А может, королю Свейну не потребуется сходить на берег в Кенте? Он прокрался вдоль берегов Фризии и Фландрии, а затем вышел прямо на Сэндвич: и в этом случае у него наверняка достаточно продовольствия и воды.

Торкель понимал, что ему нужно поспешить назад в Гринвич. Если он здесь замешкается, то приедет туда последним. Вместе с тем его одолевало любопытство, каким же окажется следующий ход короля Свейна. Он махнул Хеммингу, подзывая его к себе. Тот перебрался на сторону Торкеля.

– Я должен вернуться в Гринвич, – сказал Торкель. – Ты пошлешь за мной, как только король Свейн снова поднимет паруса. И тогда мы последуем за ним.

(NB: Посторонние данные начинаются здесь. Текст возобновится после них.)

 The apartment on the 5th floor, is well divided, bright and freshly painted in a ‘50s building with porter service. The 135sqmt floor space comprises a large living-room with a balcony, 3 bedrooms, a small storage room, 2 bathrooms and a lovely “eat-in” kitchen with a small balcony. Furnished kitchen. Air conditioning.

Хемминг взглянул на флюгер корабля конунга, стоящего на рейде, затем сравнил его с положением собственного флюгера, и ответил:

– При таком ветре он в любом случае не пойдет к Каналу. Так что ты вполне можешь отправляться туда, куда задумал.

* * *

Предположения оказались верными: король Свейн не пошел в Уэссекс. Вместо этого он быстро снялся с якоря, как только отстающие догнали его у Сэндвича, и направился на север. Разведчики Торкеля донесли, что путь его пролегал все дальше к северу. Мимо устья Темзы. Вокруг Восточной Англии. Куда же направляется эта огромная флотилия? Может, в Уош? Нет же. Только возле Хамбера конунг Свейн подошел к берегу, а оттуда его корабли повернули вверх к Тренту. Соглядатаи ликовали: теперь он попадется к нам в ловушку!

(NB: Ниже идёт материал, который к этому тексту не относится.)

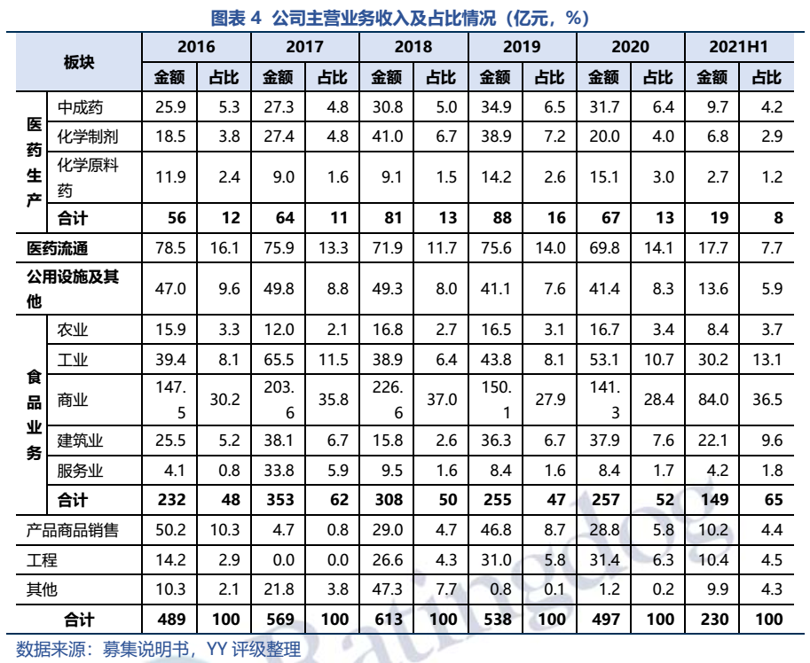 公司主營業(yè)務包括醫(yī)藥生產(chǎn)及醫(yī)藥流通板塊(已出表)、食品業(yè)務板塊、公共設施及其他等,核心子公司包括天津醫(yī)藥、天津食品、津聯(lián)集團等。近年來收入規(guī)模持續(xù)收縮,目前子公司中,天津醫(yī)藥和中環(huán)集團已完成混改,天津醫(yī)藥出表,對公司主營業(yè)務合并層面影響較大,未來可比性弱。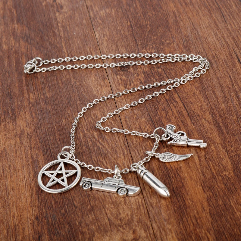 Волшебное Сверхъестественное ожерелье с крыльями ангела пентаграмма сверхъестественный Амулет ожерелье с кулоном защита Готическая ювелирные изделия Wicca подарок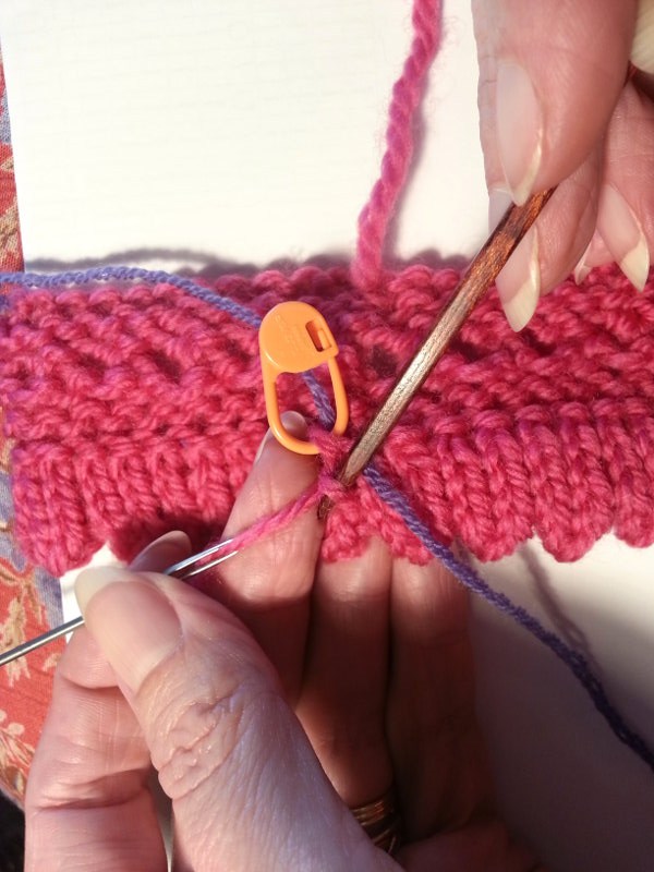 Immediately after working the round marked with a ◄ put in a safety line. Put it in the back (the inside of the muffatee) picking up every bump that is a “down bump” between the sts on the needle. These are the running threads between each st.
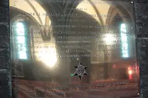 A brass memorial plaque to his memory lies on the south aisle of St Mary's Cathedral, Edinburgh (Episcopal).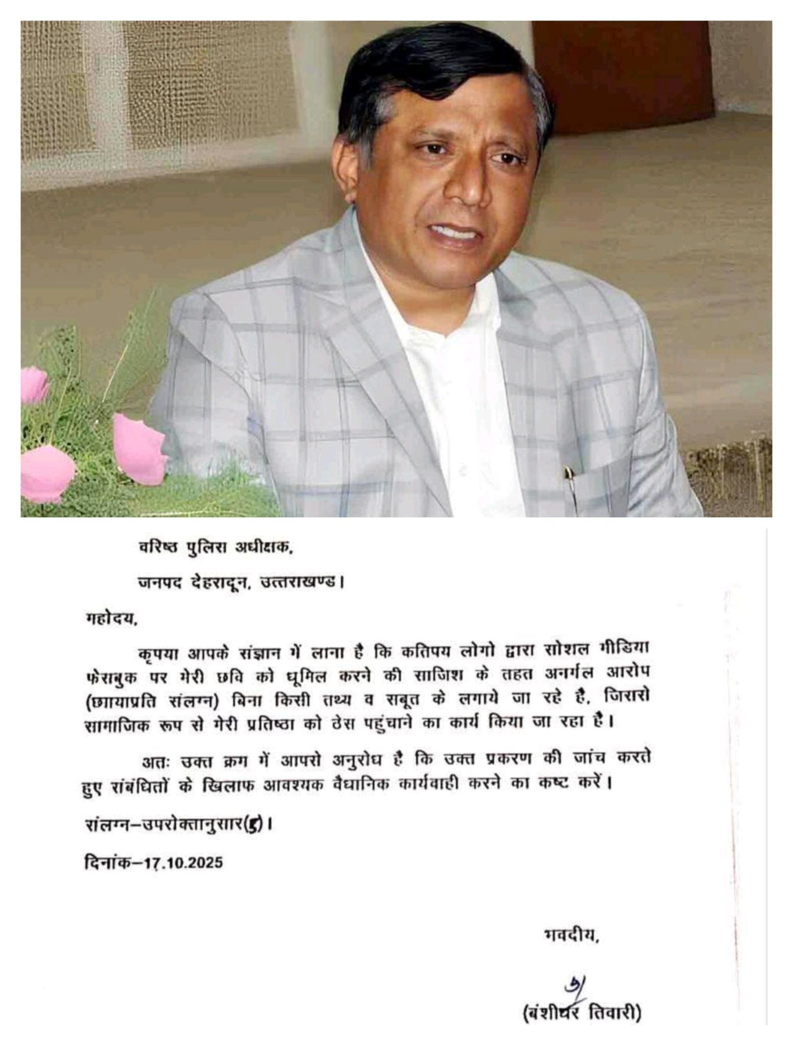 उत्तराखंड के महानिदेशक सूचना एवं लोक जनसंपर्क, बंशीधर तिवारी की छवि को जानबूझकर धूमिल करने की हो रही कथित कोशिशों पर डीजी (DG) ने कड़ा रुख अपनाया है। महानिदेशक बंशीधर तिवारी ने आवश्यक कानूनी कार्रवाई के लिए SSP देहरादून को पत्र लिखा है।

То, что последовало, совершилось с быстротой молнии; послание об этом дошло к Торкелю и королю Этельреду по суше, – быстрее, чем по морю, ибо соглядатаи шли против ветра.

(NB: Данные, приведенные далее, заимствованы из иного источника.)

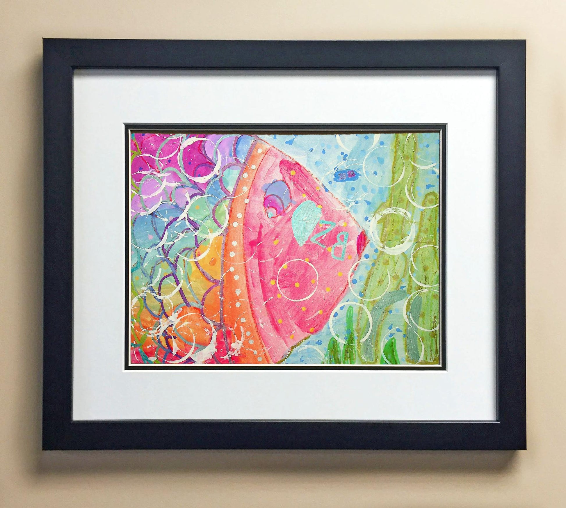 Included with the purchase is the Students Artwork, Frame, double matboard, shatter proof plexiglass, and a ready to hang backerboard with turnbuttons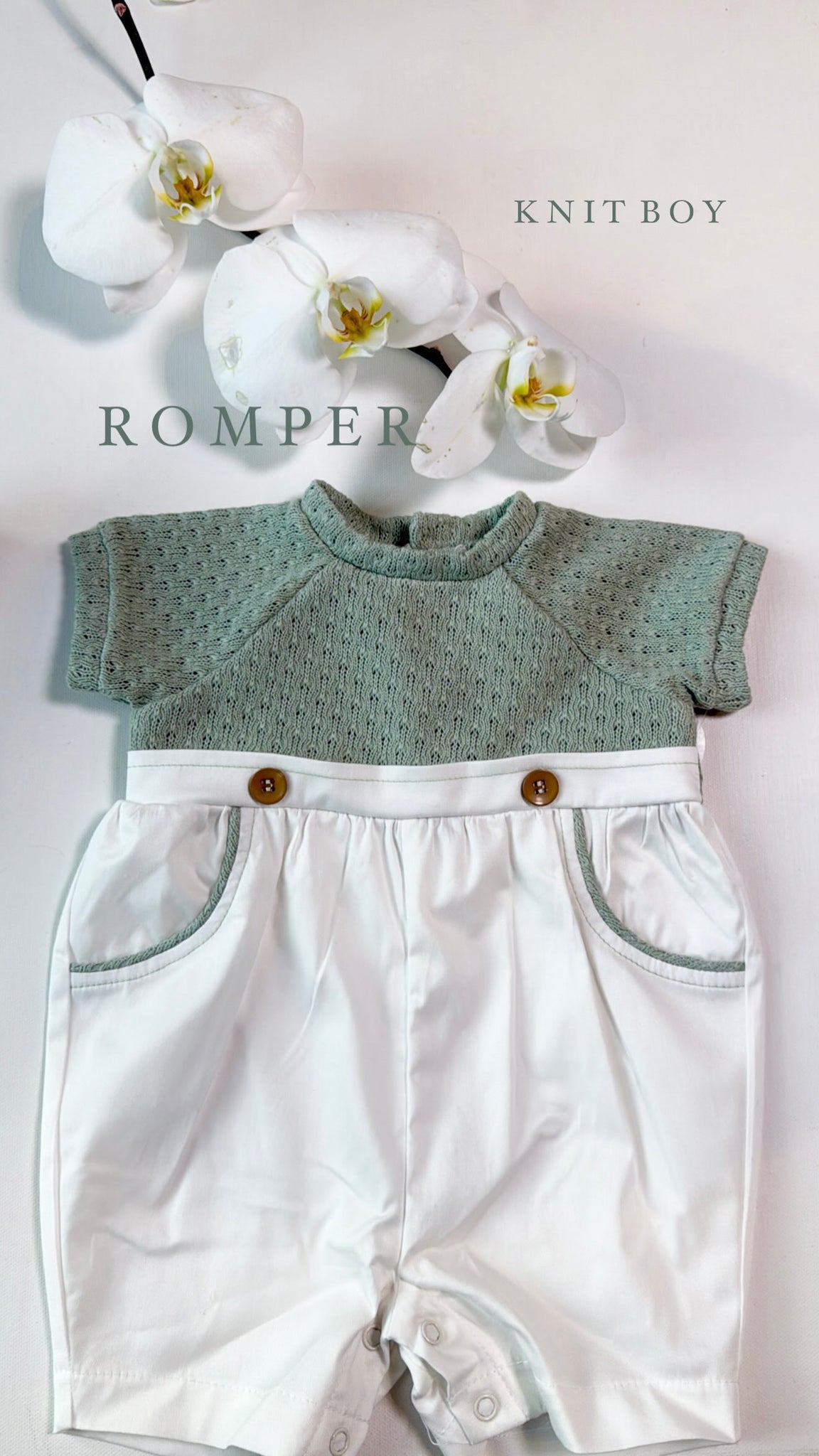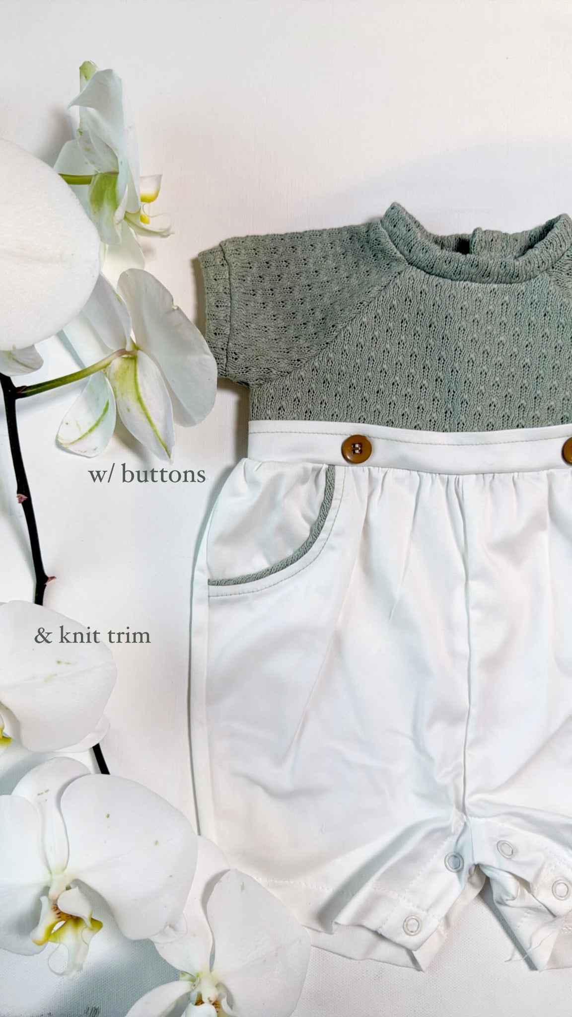 Sage knit romper with trim at pocket and buttons detail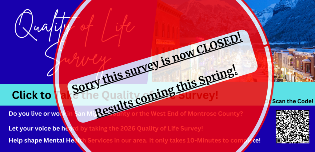 If you live or work in San Miguel County or the West End of Montrose County, click the button or image below to take the Quality of Life Survey for 2026: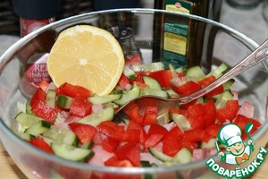 В глубокой миске смешать овощи и рыбу. Добавить сок лимона, соль, перец, масло. Я факультативно добавила сухие травки. И очень аккуратно перемешать.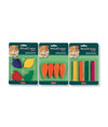 Rabbits and rodents have teeth which grow continuously, thus they have the need to use them regularly. With these agreeable, soft, colourful pieces of fir wood, possibly hung inside the cage using a metal wire or string, this need is resolved by transforming it into a game. The wood gnaws are coloured with non-toxic paint for the animal’s complete safety.

Король Свейн с большой частью своего флота доплыл до Гейнсборо. Это прямо посреди Линдсея, далеко от моря, всего в нескольких милях севернее Линкольна. Был ли разум у этого мужа! Слыхано ли, чтобы флот заходил так далеко вглубь вражеской страны?

К северу от Гейнсборо король Свейн сразу разбил свой лагерь. Он не грабил крестьян, но покупал зерно честь по чести.

Был июль 1013 года от Рождества Христова.

И сразу же Линдсей сдался, – вернее то, что называлось Северным Линкольнширом, – причем совершенно мирно и добровольно. Перешли на сторону датского короля также Лестер, Линкольн, Ноттингем, Стамфорд и Дерби, или «Пять Городов», пять главных центров Данелага. Да, через несколько дней конунг Свейн сделался фактически правителем над всеми землями к северу и востоку от дороги Уотлинг, причем без единого удара мечом.

Возможно, это произошло бы не столь быстро и безболезненно, если бы ярл Утред из Нортумбрии не объявился бы в лагере короля Свейна и не приветствовал бы его от имени своих подданных. Тот самый Утред, который только что взял в жены дочь короля Этельреда!

Нортумбрия – это значит и старые королевские владения Берниция и Дейра. В Дейре шестьдесят лет назад правил датский конунг Эрик, брат конунга Свейна: там еще помнили об этом, – даже те, кто не застал его правления…

Единственный, кого Свейн конунг опасался с севера, был шотландский король, но с его стороны ничего вроде бы не предвиделось. И внезапно все северные владения английского короля оказались под властью нового правителя. Невероятно, что все это могло произойти так быстро, если бы Свейна не ждали заранее, и даже, по-видимому, не послали за ним.